Jenny Lindsay in the Times on where we are now – talking to members of the support group for gender-critical gay men who have to gather in secret:
Alan lives in a small town. Meeting other gay men is not easy. He was recently banned from the gay dating app Grindr. I ask why. “Well, I put in my profile I’m not attracted to women, y’see, and apparently that’s awfully offensive.”
Though he laughs, Danny pulls out his phone to show me the Grindr profile of a young “gay trans man” (a female who identifies as a gay male). “That’s what we’re dealing with. He gets chucked off, and she gets to stay?”

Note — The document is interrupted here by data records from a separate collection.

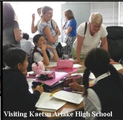
Visiting Kaetsu Arlake High School
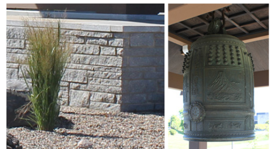
After: the bell in beautiful surroundings
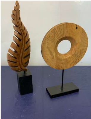
70. M - 2 X NATURAL WOODEN SCUPLTURES
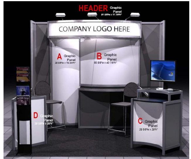
Ruby Turnkey exhibit rendering

* Exhibitor to provide artwork, SAP/ASUG to produce
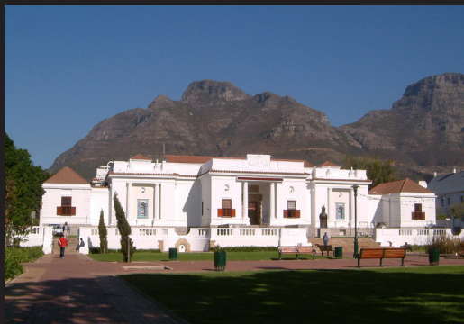
Iziko National Gallery
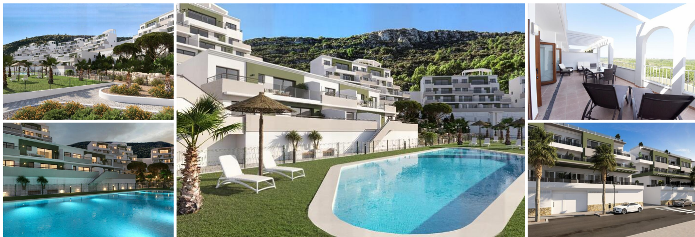
New Build Apartments with Sea Views in Xeresa Costa Blanca North
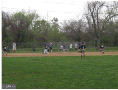
SOCCER FIELD, TENNIS COURTS, PLAYGROUND
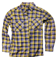
Gently used clothes and other textiles
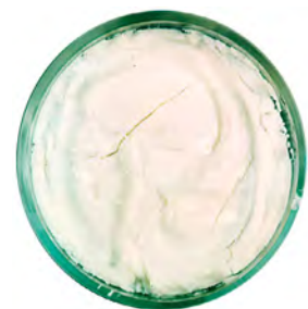
In oven at 232 °C (448 °F) for 40 hr: Krytox® – 0% wt loss

Krytox® lubricants are more effective at even higher temperatures, regardless of operating duration. Using base oils, thickeners, and additives with chemistry designed to create high and low viscosity, these products are targeted for use solely in the very high-temperature range. Available in several grades that offer anticorrosion, extra bonding, and non-melting properties, these lubricants have applications in a variety of industries, including chemical, textile, tire, aviation, conveyor, glass, plastic film, nonwoven manufacturing, and mining and metal processing.
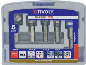
Countersinking bits Ø 8.3 - 10.4 - 12.4 - 16.5 mm + 1 bit-holder HALF TIVOLY BOX case

Fast and strong countersinking bit for steels. Suitable for Shock Series screwdrivers and machines 6.35 hexagonal shank.
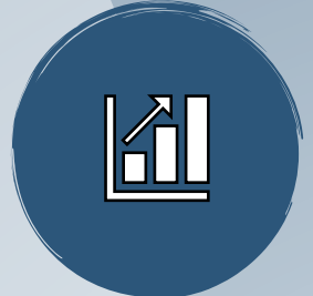
Active Market Research & analysis
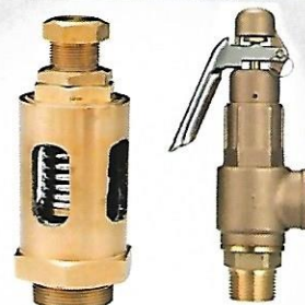
Bronze Safety Valves with & without Lever 20 Bar From 1/2" to 2" NPT
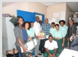
KeyClub St Augustine Secondary School
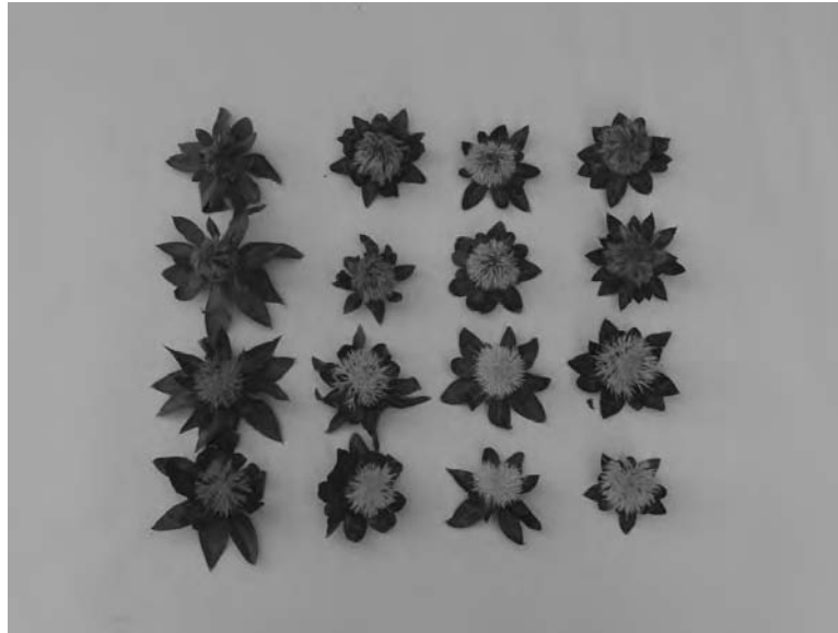
Figure 6.2 Variability for flower colour in safflower exhibiting (from left to right) orange in bloom turning to dark red on drying (O-dark red); yellow in bloom turning to yellow on drying (Y-Y); white in bloom turning to white on drying (W-W); yellow in bloom turning to red on drying (Y-R).
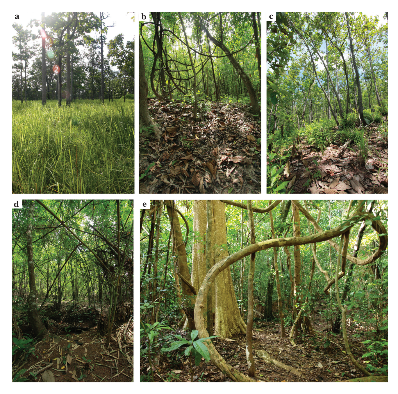
Figure 8. Examples of habitats used by Indotestudo elongata . a : deciduous dipterocarp forest habitat at the Kulen Promtep Wildlife Sanctuary, northern Cambodia (photo by Flora Ihlow); b : dry deciduous forest of Doi Phu Nang National Park, Phayao Province (photo by Flora Ihlow) and in c : Chiang Mai Province (photo by Flora Ihlow), both in northern Thailand; d : bamboo forest in Phitsanulok Province, northern Thailand (photo by Flora Ihlow), and e : secondary forest at Cat Tien National Park, southern Vietnam (photo by Peter Geissler).

McCormick (1992) reported that captive females reach sexual maturity between 178–203 mm SCL at 7 years of age, while Senneke (2000) and Eberling (2001) stated that females in captivity become mature at 220–230 mm SCL with a body mass of 1900 g. Van Dijk (1998) reported maturity in a male, not yet showing any external male characteristics, at 206 mm SCL and 1100 g and maturity in a female with a SCL of 198 mm and mass of 1000 g. According to Sriprateep et al. (2013), in northern Thailand, males mature at 6 years old with a SCL over 175 mm, while females take much longer
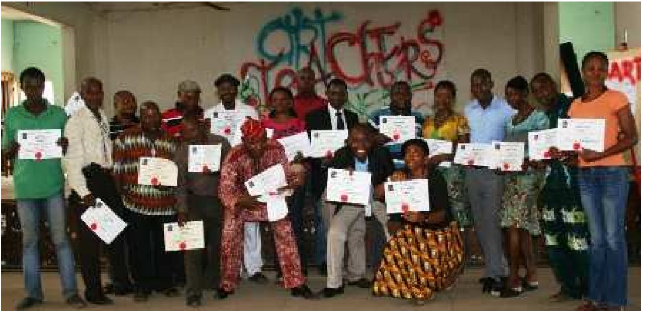
Group photograph of the art teachers displaying their certificate of participation.
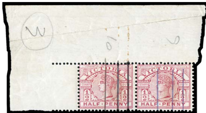
Ex Lot 775
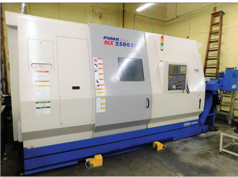
2006 DOOSAN DAEWOO PUMA MX-2500ST CNC 8-AXIS TURNING AND MILLING CENTER

BidSpotter.com JULY 18, 2018 AT 2:00PM EST BidSpotter.com
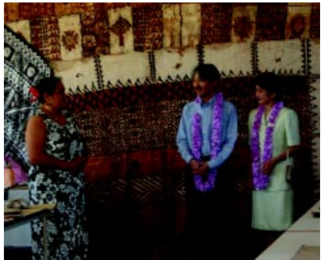
Prince and Princess Akishino visit the National University of Samoa (Home Economics Department)

The Government of Samoa hosted a reception for the royal couple at the Robert Louis Stevenson Museum. In his speech Prince Akishino thanked the Government for the invitation to visit Samoa and said, "We have seen just a few of the many examples of the broad range of cooperation which already exists between Japan and Samoa. I am pleased to note that these have contributed to our friendship and to the growing prosperity and well-being of the people of Samoa." He added, "I have also been impressed by the efforts of the people of Samoa to develop their homeland in harmony with their traditions."
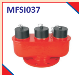
Three Way Inlet
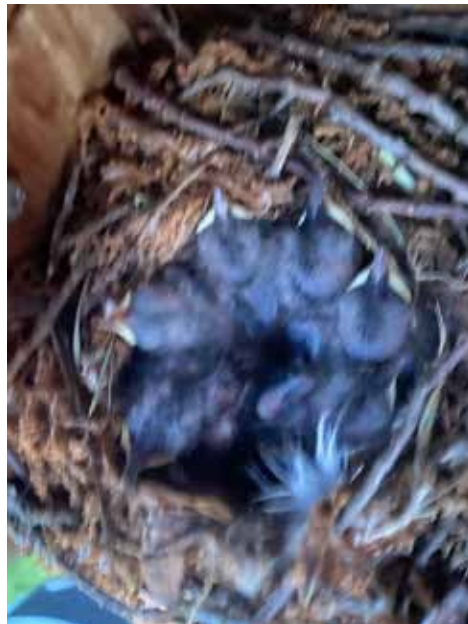
Wren nest with twigs & tassels
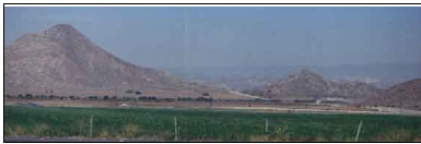
A row of trees at the base of the Bernasconi Hills delineates the San Jacinto River.

Three policy areas have been designated within the Lakeview/Nuevo planning area. In some ways, these policies are even more critical to the sustained character of the Lakeview/Nuevo planning area than some of the basic land use policies because they reflect deeply held beliefs about the kind of place this is and should remain. These boundaries are only approximate and may be interpreted more precisely as decisions are called for in these areas. This flexibility, then, calls for considerable sensitivity in determining where conditions related to the policies actually exist, once a focused analysis is undertaken on a proposed development project.
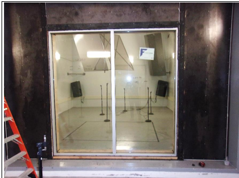
Source Room View of Test Specimen

Having lived through it, Joe judges this trend as part of “the most existential crisis facing gay men since Aids”.
He is referring not just to the younger men’s gall that gay men are being pushed to reframe their sexualities to accommodate females. Joe is profoundly angered that, as a “fey child”, he might have been pushed to consider himself trans if he had been born today.
Modern gay culture feels “oppressive”, he says. It is a word used repeatedly throughout the day….
In between the free-flowing ales, the laughter, the camaraderie and solace, Joe summed up the feelings of the group, lamenting: “Having to meet in secret, fearing loss of employment for who we are. Having been through the whole gay liberation experience, it’s absolutely enraging to find myself back here again.”
And that's why the LGB needs to split from the T.